List of compound datasets

2019/9/13

List the machine learning and chemoinformatics datasets that you might use for practice later.

Compound DB

A group of databases containing structural information of compounds.

Pubchem

PubChem is one of the chemical molecule databases.
Millions of compound structure and description datasets can be downloaded via FTP. There are less than 1000 atoms and 1000 bonds accumulated in PubChem.
More than 80 database sources are contributing to PubChem's growth.

wikipedia

https://pubchem.ncbi.nlm.nih.gov/

CheEMBL

A database of drugs and their candidate compounds.Currently, activity data of 180 million compounds and 1500 million cases are recorded.54 sub-datasets of various screening and assay data seem to be easy to use.

https://www.ebi.ac.uk/chembl/

ZINC15 database

A dataset of drug-like organic compounds containing 3D information, originally developed for virtual screening by docking calculations. More than 7 million structures are listed.

http://zinc15.docking.org/
Related papers:ZINC 15 – Ligand Discovery for Everyone

Platinum dataset

A dataset that needs to generate (calculate) a conformation of a compound before docking simulation, and is used as a benchmark to verify the accuracy of that conformation.The compound species contained are protein-binding ligands, less than 5000.

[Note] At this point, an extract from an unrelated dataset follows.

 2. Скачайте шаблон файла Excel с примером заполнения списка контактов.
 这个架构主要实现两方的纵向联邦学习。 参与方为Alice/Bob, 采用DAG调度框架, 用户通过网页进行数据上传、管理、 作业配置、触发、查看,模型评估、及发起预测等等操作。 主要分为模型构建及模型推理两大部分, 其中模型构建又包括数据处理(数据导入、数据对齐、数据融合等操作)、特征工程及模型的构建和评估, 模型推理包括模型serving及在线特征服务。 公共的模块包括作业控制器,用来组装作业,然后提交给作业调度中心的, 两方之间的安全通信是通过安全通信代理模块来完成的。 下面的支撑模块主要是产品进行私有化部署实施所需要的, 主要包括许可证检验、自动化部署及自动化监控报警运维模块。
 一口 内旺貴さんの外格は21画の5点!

Although it is a small dataset, it seems to be rich in structural diversity.It's not too heavy and seems to be ideal for practice. You can also download and use it with rdkit.

http://biosig.unimelb.edu.au/platinum/
Related papers:High-Quality Dataset of Protein-Bound Ligand Conformations and Its Application to Benchmarking Conformer Ensemble Generators
Japanese Reference Articles: Paper Memo – Benchmarking Commercial Conformer Ensemble Generators

Compound dataset

A dataset containing some objective variable such as a compound and its activity value.

Tox21

Data set for the Tox21 Data Challenge 2014 competition, sponsored by the National Institutes of Health (NIH), the US Environmental Protection Agency (EPA), and the US Food and Drug Administration (FDA) to compete for accuracy in toxicity prediction based on chemical structural formulas.

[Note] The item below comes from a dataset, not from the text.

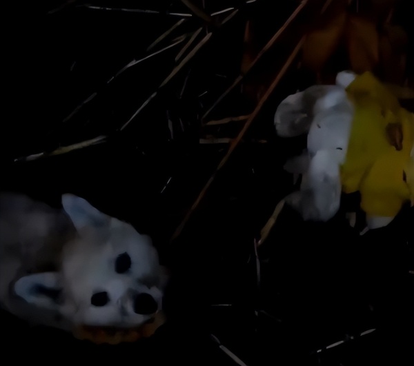 张女士于是跟着流浪小狗走,又被它领到了和玩具熊依偎的地方,小狗还叼着玩具熊示意让张女士带走。

Nuclear receptor reporter genes (ER, AR, aromatase, etc.), stress response (p53, ARE,  HSEOther) assay results are included.

Molecule net

MoleculeNet is a benchmark dataset designed to test molecular property predictions by machine learning.It is based on multiple public databases and contains the following datasets:

  • QM7, QM8, QM9: Data set summarizing chemical structure and quantum chemistry calculation output value
  • Water solubility, logP
  • HIV replication inhibition, human β-secretase inhibition, etc.
  • Blood-brain barrier permeability, database of over-the-counter drugs and side effects, Tox21, ToxCast, etc.

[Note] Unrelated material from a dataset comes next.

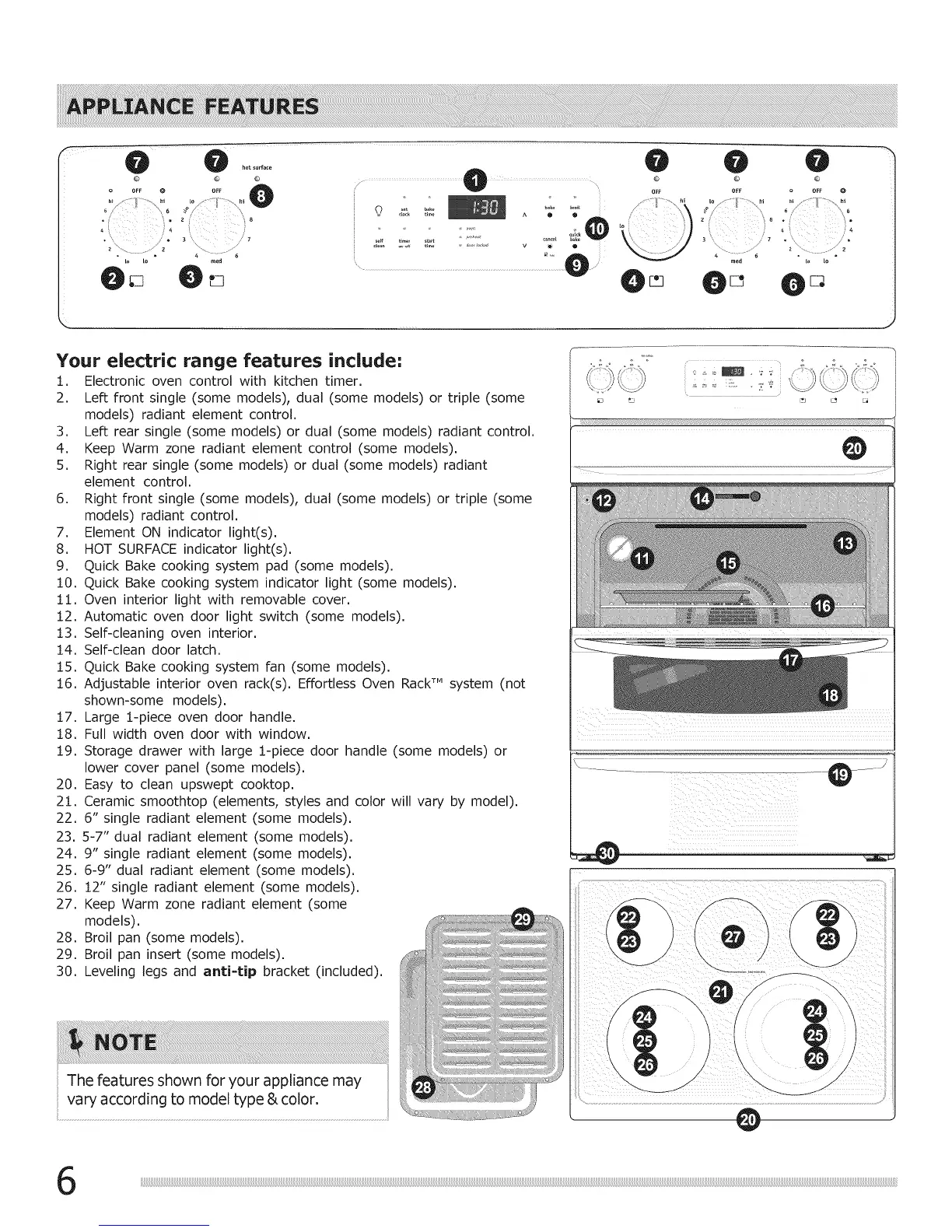 21. Ceramic smoothtop (elements, styles and color will vary by model).

kaggle: Predicting Molecular Properties

Data set of coupling constants between two atoms used in the kaggle competition..Given in the xyz coordinate data of the compound (about 13 compounds, 450 million atomic combinations and coupling constants).

Other references

Some of the above datasets are integrated into the deep learning frameworks "Deep Chem" and "Chainer chemistory" for the fields of chemistry and biology. Deep Chem supports Molecule net, Chainer chemistry supports Molecule net, QM9, Tox21, and Zinc.

There was also a site like this that compiled a list of life science databases.Not only compounds, but also genomes and organisms.
Integbio database catalog

I participated in the kaggle competition "Predicting Molecular Properties", but it took a long time to calculate with huge data (300 MB or more with features added), and I had a hard time.When practicing visualization of compound data, establishment and verification of machine learning models, I felt that Molecule net, Tox21, or rather LogP would be sufficient at all.